Here, you can find the benchmark dataset, experimental code, and fine-tuned model checkpoints for MathSpeech, which we have developed for our research.

If you want to view the detailed information about the dataset used in this study or additional experimental results such as latency measurements included in the appendix, please refer to the version uploaded on arXiv.

---

## Benchmart Dataset
The MathSpeech benchmark dataset is available on [huggingface🤗](https://huggingface.co/datasets/AAAI2025/MathSpeech) or through the following [link](https://drive.google.com/drive/folders/1M8_IVcesO2EwNcl9zwxY6UgqAmSODzgq?usp=sharing).

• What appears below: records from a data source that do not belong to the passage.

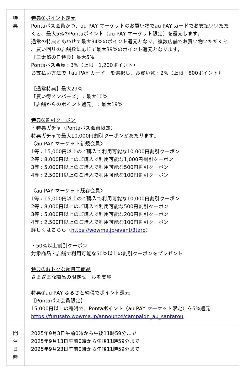■三太郎の日特典について(3日・13日・23日共通)(https://wowma.jp/event/3taro)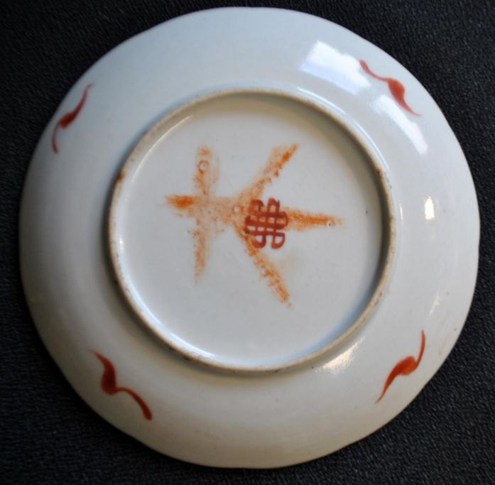 Chinese porcelain plate, polychron decorated, 19th century Motif with butterflies and flowers. Signed. Diameter: 16 cm.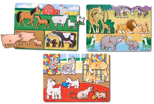 pbMelissa and Doug Peg Puzzle 3-Puzzle BundlebppYour child may be inspired to make happy animal sounds while matching the mother and baby animals in this kid-powered wooden puzzle Easy-grasp pegs and pictures under the pieces will help your child solve this set of three simple 8-piece p Read More..
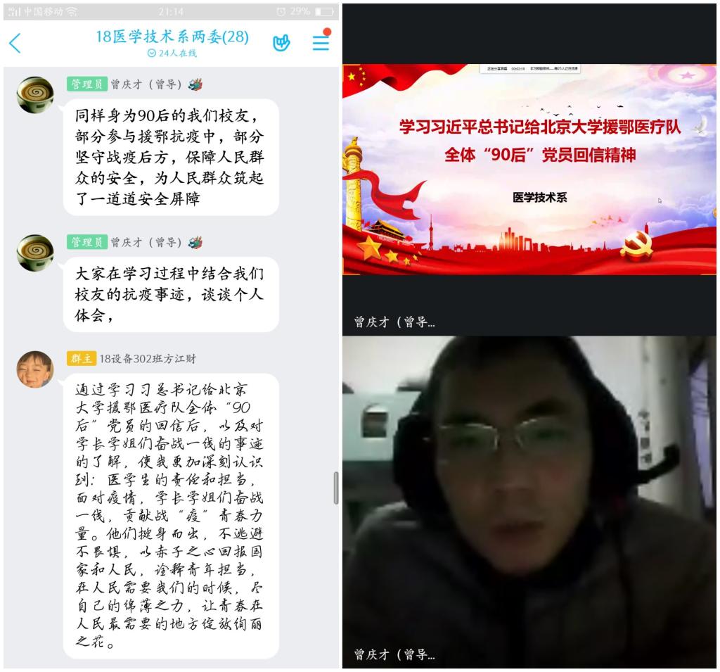 2020年3月15日,習(xí)近平總書記給北京大學(xué)援鄂醫(yī)療隊全體“90后”黨員回信。為了深入學(xué)習(xí)習(xí)近平總書記回信精神,教育同學(xué)奮斗青春,書寫人生絢麗篇章,發(fā)揚(yáng)愛國主義精神,我系團(tuán)總支書記曾慶才老師主持召開學(xué)生干部線上會議,各團(tuán)支部于3月17日在線上開展以“平‘語’近人,激勵青春”為主題的特別團(tuán)日活動。

- [MathSpeech in huggingface🤗 dataset](https://huggingface.co/datasets/AAAI2025/MathSpeech)
- [Google Drive link for dataset](https://drive.google.com/drive/folders/1M8_IVcesO2EwNcl9zwxY6UgqAmSODzgq?usp=sharing)


#### Dataset statistics
<table border="1" style="border-collapse: collapse; width: 50%;">
<thead>
<tr>
<th style="text-align: left;">The number of files</th>
<td>1,101</td>
</tr>
</thead>
<thead>
<tr>
<th style="text-align: left;">Total Duration</th>
<td>5583.2 seconds</td>
</tr>
</thead>
<tbody>
<tr>
<th style="text-align: left;">Average Duration per file</th>
<td>5.07 seconds</td>
</tr>
<tr>
<th style="text-align: left;">The number of speakers</th>
<td>10</td>
</tr>
<tr>
<th style="text-align: left;">The number of men</th>
<td>8</td>
</tr>
<tr>
<th style="text-align: left;">The number of women</th>
<td>2</td>
</tr>
<tr>
<th style="text-align: left;">source</th>
<td><a href="https://www.youtube.com/@mitocw" target="_blank">[MIT OpenCourseWare]</td>
</tr>
</tbody>
</table>



#### WERs of various ASR models on the Mathspeech benchmark
<table style="width:100%; border-collapse: collapse;">
<thead>
<tr>
<th></th>
<th>Models</th>
<th>Params</th>
<th>WER(%) (Leaderboard)</th>
<th>WER(%) (Formula)</th>
</tr>
</thead>
<tbody>
<tr>
<td rowspan="4">OpenAI</td>
<td>Whisper-base</td>
<td>74M</td>
<td>10.3</td>
<td>34.7</td>
</tr>
<tr>
<td>Whisper-small</td>
<td>244M</td>
<td>8.59</td>
<td>29.5</td>
</tr>
<tr>
<td>Whisper-largeV2</td>
<td>1550M</td>
<td>7.83</td>
<td>31.0</td>
</tr>
<tr>
<td>Whisper-largeV3</td>
<td>1550M</td>
<td>7.44</td>
<td>33.3</td>
</tr>
<tr>
<td>NVIDIA</td>
<td>Canary-1B</td>
<td>1B</td>
<td>6.5</td>
<td>35.2</td>
</tr>
</tbody>
</table>

##### The WER for Leaderboard was from the [HuggingFace Open ASR Leaderboard](https://huggingface.co/spaces/hf-audio/open_asr_leaderboard), while the WER for Formula was measured using our MathSpeech Benchmark. This value is based on results as of 2024-08-16.


---
## MathSpeech Checkpoint
You can download the MathSpeech checkpoint from the following [link](https://drive.google.com/file/d/1m0cCpDDkOb7FltjLPVlg4ZCZSSSWZgS2/view?usp=sharing).

### Experiments codes

You can find the MathSpeech evaluation code, and the prompts used for the LLMs in the experiments at the following [link](https://github.com/hyeonsieun/MathSpeech/tree/main/Experiments).

### Ablation Study codes

You can find the code used in our Ablation Study at the following [link](https://github.com/hyeonsieun/MathSpeech/tree/main/Ablation_Study).

---
## How to Use
1. Clone this repository using the web URL.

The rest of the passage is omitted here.